■ Task input ■
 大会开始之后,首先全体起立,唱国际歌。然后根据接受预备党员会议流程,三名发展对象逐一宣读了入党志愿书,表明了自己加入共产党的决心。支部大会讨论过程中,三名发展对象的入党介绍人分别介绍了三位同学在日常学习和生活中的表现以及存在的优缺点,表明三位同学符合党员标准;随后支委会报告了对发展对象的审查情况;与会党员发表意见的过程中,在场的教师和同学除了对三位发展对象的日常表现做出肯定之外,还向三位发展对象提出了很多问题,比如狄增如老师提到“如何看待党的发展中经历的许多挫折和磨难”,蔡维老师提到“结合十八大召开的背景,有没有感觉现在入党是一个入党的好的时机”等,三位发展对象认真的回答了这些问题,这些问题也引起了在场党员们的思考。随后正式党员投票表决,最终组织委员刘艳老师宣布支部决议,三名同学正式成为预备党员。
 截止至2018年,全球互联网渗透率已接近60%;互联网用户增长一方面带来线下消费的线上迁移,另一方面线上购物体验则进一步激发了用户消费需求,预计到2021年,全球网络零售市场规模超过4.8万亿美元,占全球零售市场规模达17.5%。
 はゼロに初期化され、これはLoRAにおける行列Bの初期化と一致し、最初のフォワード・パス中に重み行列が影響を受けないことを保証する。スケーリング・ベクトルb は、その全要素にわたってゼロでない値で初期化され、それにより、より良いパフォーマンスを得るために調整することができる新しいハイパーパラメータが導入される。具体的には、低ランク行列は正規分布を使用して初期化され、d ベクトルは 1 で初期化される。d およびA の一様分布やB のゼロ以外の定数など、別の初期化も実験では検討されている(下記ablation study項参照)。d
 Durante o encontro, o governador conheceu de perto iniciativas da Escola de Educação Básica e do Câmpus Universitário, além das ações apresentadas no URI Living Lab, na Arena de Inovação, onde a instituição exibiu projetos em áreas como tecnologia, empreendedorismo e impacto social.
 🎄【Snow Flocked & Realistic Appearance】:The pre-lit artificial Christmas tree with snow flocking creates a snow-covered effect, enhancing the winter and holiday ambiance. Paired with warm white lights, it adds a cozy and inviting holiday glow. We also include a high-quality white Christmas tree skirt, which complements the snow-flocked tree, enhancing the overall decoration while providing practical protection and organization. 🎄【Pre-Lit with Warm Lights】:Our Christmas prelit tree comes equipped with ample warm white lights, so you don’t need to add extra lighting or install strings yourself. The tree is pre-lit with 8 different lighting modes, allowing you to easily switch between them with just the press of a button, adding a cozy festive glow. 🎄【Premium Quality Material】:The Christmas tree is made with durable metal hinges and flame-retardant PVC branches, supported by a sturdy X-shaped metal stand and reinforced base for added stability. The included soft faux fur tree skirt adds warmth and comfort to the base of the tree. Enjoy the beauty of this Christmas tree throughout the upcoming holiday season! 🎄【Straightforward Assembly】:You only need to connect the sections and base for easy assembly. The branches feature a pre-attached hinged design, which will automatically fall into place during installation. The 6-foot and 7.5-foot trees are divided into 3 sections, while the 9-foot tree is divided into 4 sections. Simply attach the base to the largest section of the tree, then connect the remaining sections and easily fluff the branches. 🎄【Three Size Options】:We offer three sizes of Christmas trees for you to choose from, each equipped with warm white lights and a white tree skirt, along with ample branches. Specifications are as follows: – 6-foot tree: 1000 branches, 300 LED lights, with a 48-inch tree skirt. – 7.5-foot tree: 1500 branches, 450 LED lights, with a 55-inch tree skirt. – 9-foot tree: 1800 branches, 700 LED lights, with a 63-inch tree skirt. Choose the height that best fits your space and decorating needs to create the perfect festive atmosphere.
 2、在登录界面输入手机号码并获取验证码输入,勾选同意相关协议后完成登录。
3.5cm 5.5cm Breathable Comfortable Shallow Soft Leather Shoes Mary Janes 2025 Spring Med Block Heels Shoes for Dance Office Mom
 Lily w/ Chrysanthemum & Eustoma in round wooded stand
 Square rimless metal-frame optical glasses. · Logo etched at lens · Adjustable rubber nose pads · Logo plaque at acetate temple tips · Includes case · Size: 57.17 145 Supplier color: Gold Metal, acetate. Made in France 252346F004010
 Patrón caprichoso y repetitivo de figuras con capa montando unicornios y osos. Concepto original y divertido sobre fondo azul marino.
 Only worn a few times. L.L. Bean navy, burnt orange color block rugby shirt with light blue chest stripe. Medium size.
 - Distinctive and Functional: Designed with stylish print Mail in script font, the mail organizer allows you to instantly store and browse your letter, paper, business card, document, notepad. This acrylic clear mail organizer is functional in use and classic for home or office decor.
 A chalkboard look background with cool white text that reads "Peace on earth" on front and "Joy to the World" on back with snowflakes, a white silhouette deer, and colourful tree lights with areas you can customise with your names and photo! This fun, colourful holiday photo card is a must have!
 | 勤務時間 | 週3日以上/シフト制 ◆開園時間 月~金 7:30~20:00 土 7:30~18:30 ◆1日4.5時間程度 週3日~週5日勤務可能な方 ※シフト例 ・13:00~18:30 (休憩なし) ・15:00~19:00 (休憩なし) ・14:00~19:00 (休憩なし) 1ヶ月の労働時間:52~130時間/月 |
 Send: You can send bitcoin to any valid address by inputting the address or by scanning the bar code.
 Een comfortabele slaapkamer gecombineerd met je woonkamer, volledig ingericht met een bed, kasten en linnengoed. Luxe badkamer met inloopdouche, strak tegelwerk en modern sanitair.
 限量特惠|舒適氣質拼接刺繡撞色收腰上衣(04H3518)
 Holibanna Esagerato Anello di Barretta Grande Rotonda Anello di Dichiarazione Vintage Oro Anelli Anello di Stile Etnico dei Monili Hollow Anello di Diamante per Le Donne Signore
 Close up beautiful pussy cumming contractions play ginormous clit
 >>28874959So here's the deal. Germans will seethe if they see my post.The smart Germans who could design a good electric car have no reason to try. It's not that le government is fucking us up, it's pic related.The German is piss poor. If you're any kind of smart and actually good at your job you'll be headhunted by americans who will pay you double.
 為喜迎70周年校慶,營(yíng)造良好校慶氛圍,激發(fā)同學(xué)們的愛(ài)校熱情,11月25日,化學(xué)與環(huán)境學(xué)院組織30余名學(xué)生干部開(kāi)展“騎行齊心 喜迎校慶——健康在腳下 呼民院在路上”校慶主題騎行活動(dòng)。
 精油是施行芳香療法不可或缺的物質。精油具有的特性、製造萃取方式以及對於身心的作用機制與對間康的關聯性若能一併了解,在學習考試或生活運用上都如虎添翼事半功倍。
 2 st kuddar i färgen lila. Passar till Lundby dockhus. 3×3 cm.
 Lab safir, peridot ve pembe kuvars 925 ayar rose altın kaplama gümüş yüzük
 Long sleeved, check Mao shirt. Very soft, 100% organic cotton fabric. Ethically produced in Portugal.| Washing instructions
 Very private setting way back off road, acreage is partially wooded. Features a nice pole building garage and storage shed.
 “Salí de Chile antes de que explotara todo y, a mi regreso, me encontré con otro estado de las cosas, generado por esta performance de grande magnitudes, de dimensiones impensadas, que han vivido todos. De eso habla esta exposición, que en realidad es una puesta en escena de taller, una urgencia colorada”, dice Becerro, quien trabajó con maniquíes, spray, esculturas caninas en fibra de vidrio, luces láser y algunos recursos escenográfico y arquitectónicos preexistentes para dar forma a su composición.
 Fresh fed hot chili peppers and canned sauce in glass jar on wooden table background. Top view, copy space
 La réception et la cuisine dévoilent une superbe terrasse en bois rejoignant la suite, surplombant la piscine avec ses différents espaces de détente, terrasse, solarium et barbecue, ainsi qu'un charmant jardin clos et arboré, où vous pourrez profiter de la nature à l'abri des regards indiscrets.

■ Exercise ■
Output each line of the material exactly, keeping every word as it appears.

■ Result of this exercise ■
 大会开始之后,首先全体起立,唱国际歌。然后根据接受预备党员会议流程,三名发展对象逐一宣读了入党志愿书,表明了自己加入共产党的决心。支部大会讨论过程中,三名发展对象的入党介绍人分别介绍了三位同学在日常学习和生活中的表现以及存在的优缺点,表明三位同学符合党员标准;随后支委会报告了对发展对象的审查情况;与会党员发表意见的过程中,在场的教师和同学除了对三位发展对象的日常表现做出肯定之外,还向三位发展对象提出了很多问题,比如狄增如老师提到“如何看待党的发展中经历的许多挫折和磨难”,蔡维老师提到“结合十八大召开的背景,有没有感觉现在入党是一个入党的好的时机”等,三位发展对象认真的回答了这些问题,这些问题也引起了在场党员们的思考。随后正式党员投票表决,最终组织委员刘艳老师宣布支部决议,三名同学正式成为预备党员。
 截止至2018年,全球互联网渗透率已接近60%;互联网用户增长一方面带来线下消费的线上迁移,另一方面线上购物体验则进一步激发了用户消费需求,预计到2021年,全球网络零售市场规模超过4.8万亿美元,占全球零售市场规模达17.5%。
 はゼロに初期化され、これはLoRAにおける行列Bの初期化と一致し、最初のフォワード・パス中に重み行列が影響を受けないことを保証する。スケーリング・ベクトルb は、その全要素にわたってゼロでない値で初期化され、それにより、より良いパフォーマンスを得るために調整することができる新しいハイパーパラメータが導入される。具体的には、低ランク行列は正規分布を使用して初期化され、d ベクトルは 1 で初期化される。d およびA の一様分布やB のゼロ以外の定数など、別の初期化も実験では検討されている(下記ablation study項参照)。d
 Durante o encontro, o governador conheceu de perto iniciativas da Escola de Educação Básica e do Câmpus Universitário, além das ações apresentadas no URI Living Lab, na Arena de Inovação, onde a instituição exibiu projetos em áreas como tecnologia, empreendedorismo e impacto social.
 🎄【Snow Flocked & Realistic Appearance】:The pre-lit artificial Christmas tree with snow flocking creates a snow-covered effect, enhancing the winter and holiday ambiance. Paired with warm white lights, it adds a cozy and inviting holiday glow. We also include a high-quality white Christmas tree skirt, which complements the snow-flocked tree, enhancing the overall decoration while providing practical protection and organization. 🎄【Pre-Lit with Warm Lights】:Our Christmas prelit tree comes equipped with ample warm white lights, so you don’t need to add extra lighting or install strings yourself. The tree is pre-lit with 8 different lighting modes, allowing you to easily switch between them with just the press of a button, adding a cozy festive glow. 🎄【Premium Quality Material】:The Christmas tree is made with durable metal hinges and flame-retardant PVC branches, supported by a sturdy X-shaped metal stand and reinforced base for added stability. The included soft faux fur tree skirt adds warmth and comfort to the base of the tree. Enjoy the beauty of this Christmas tree throughout the upcoming holiday season! 🎄【Straightforward Assembly】:You only need to connect the sections and base for easy assembly. The branches feature a pre-attached hinged design, which will automatically fall into place during installation. The 6-foot and 7.5-foot trees are divided into 3 sections, while the 9-foot tree is divided into 4 sections. Simply attach the base to the largest section of the tree, then connect the remaining sections and easily fluff the branches. 🎄【Three Size Options】:We offer three sizes of Christmas trees for you to choose from, each equipped with warm white lights and a white tree skirt, along with ample branches. Specifications are as follows: – 6-foot tree: 1000 branches, 300 LED lights, with a 48-inch tree skirt. – 7.5-foot tree: 1500 branches, 450 LED lights, with a 55-inch tree skirt. – 9-foot tree: 1800 branches, 700 LED lights, with a 63-inch tree skirt. Choose the height that best fits your space and decorating needs to create the perfect festive atmosphere.
 2、在登录界面输入手机号码并获取验证码输入,勾选同意相关协议后完成登录。
3.5cm 5.5cm Breathable Comfortable Shallow Soft Leather Shoes Mary Janes 2025 Spring Med Block Heels Shoes for Dance Office Mom
 Lily w/ Chrysanthemum & Eustoma in round wooded stand
 Square rimless metal-frame optical glasses. · Logo etched at lens · Adjustable rubber nose pads · Logo plaque at acetate temple tips · Includes case · Size: 57.17 145 Supplier color: Gold Metal, acetate. Made in France 252346F004010
 Patrón caprichoso y repetitivo de figuras con capa montando unicornios y osos. Concepto original y divertido sobre fondo azul marino.
 Only worn a few times. L.L. Bean navy, burnt orange color block rugby shirt with light blue chest stripe. Medium size.
 - Distinctive and Functional: Designed with stylish print Mail in script font, the mail organizer allows you to instantly store and browse your letter, paper, business card, document, notepad. This acrylic clear mail organizer is functional in use and classic for home or office decor.
 A chalkboard look background with cool white text that reads "Peace on earth" on front and "Joy to the World" on back with snowflakes, a white silhouette deer, and colourful tree lights with areas you can customise with your names and photo! This fun, colourful holiday photo card is a must have!
 | 勤務時間 | 週3日以上/シフト制 ◆開園時間 月~金 7:30~20:00 土 7:30~18:30 ◆1日4.5時間程度 週3日~週5日勤務可能な方 ※シフト例 ・13:00~18:30 (休憩なし) ・15:00~19:00 (休憩なし) ・14:00~19:00 (休憩なし) 1ヶ月の労働時間:52~130時間/月 |
 Send: You can send bitcoin to any valid address by inputting the address or by scanning the bar code.
 Een comfortabele slaapkamer gecombineerd met je woonkamer, volledig ingericht met een bed, kasten en linnengoed. Luxe badkamer met inloopdouche, strak tegelwerk en modern sanitair.
 限量特惠|舒適氣質拼接刺繡撞色收腰上衣(04H3518)
 Holibanna Esagerato Anello di Barretta Grande Rotonda Anello di Dichiarazione Vintage Oro Anelli Anello di Stile Etnico dei Monili Hollow Anello di Diamante per Le Donne Signore
 Close up beautiful pussy cumming contractions play ginormous clit
 >>28874959So here's the deal. Germans will seethe if they see my post.The smart Germans who could design a good electric car have no reason to try. It's not that le government is fucking us up, it's pic related.The German is piss poor. If you're any kind of smart and actually good at your job you'll be headhunted by americans who will pay you double.
 為喜迎70周年校慶,營(yíng)造良好校慶氛圍,激發(fā)同學(xué)們的愛(ài)校熱情,11月25日,化學(xué)與環(huán)境學(xué)院組織30余名學(xué)生干部開(kāi)展“騎行齊心 喜迎校慶——健康在腳下 呼民院在路上”校慶主題騎行活動(dòng)。
 精油是施行芳香療法不可或缺的物質。精油具有的特性、製造萃取方式以及對於身心的作用機制與對間康的關聯性若能一併了解,在學習考試或生活運用上都如虎添翼事半功倍。
 2 st kuddar i färgen lila. Passar till Lundby dockhus. 3×3 cm.
 Lab safir, peridot ve pembe kuvars 925 ayar rose altın kaplama gümüş yüzük
 Long sleeved, check Mao shirt. Very soft, 100% organic cotton fabric. Ethically produced in Portugal.| Washing instructions
 Very private setting way back off road, acreage is partially wooded. Features a nice pole building garage and storage shed.
 “Salí de Chile antes de que explotara todo y, a mi regreso, me encontré con otro estado de las cosas, generado por esta performance de grande magnitudes, de dimensiones impensadas, que han vivido todos. De eso habla esta exposición, que en realidad es una puesta en escena de taller, una urgencia colorada”, dice Becerro, quien trabajó con maniquíes, spray, esculturas caninas en fibra de vidrio, luces láser y algunos recursos escenográfico y arquitectónicos preexistentes para dar forma a su composición.
 Fresh fed hot chili peppers and canned sauce in glass jar on wooden table background. Top view, copy space
 La réception et la cuisine dévoilent une superbe terrasse en bois rejoignant la suite, surplombant la piscine avec ses différents espaces de détente, terrasse, solarium et barbecue, ainsi qu'un charmant jardin clos et arboré, où vous pourrez profiter de la nature à l'abri des regards indiscrets.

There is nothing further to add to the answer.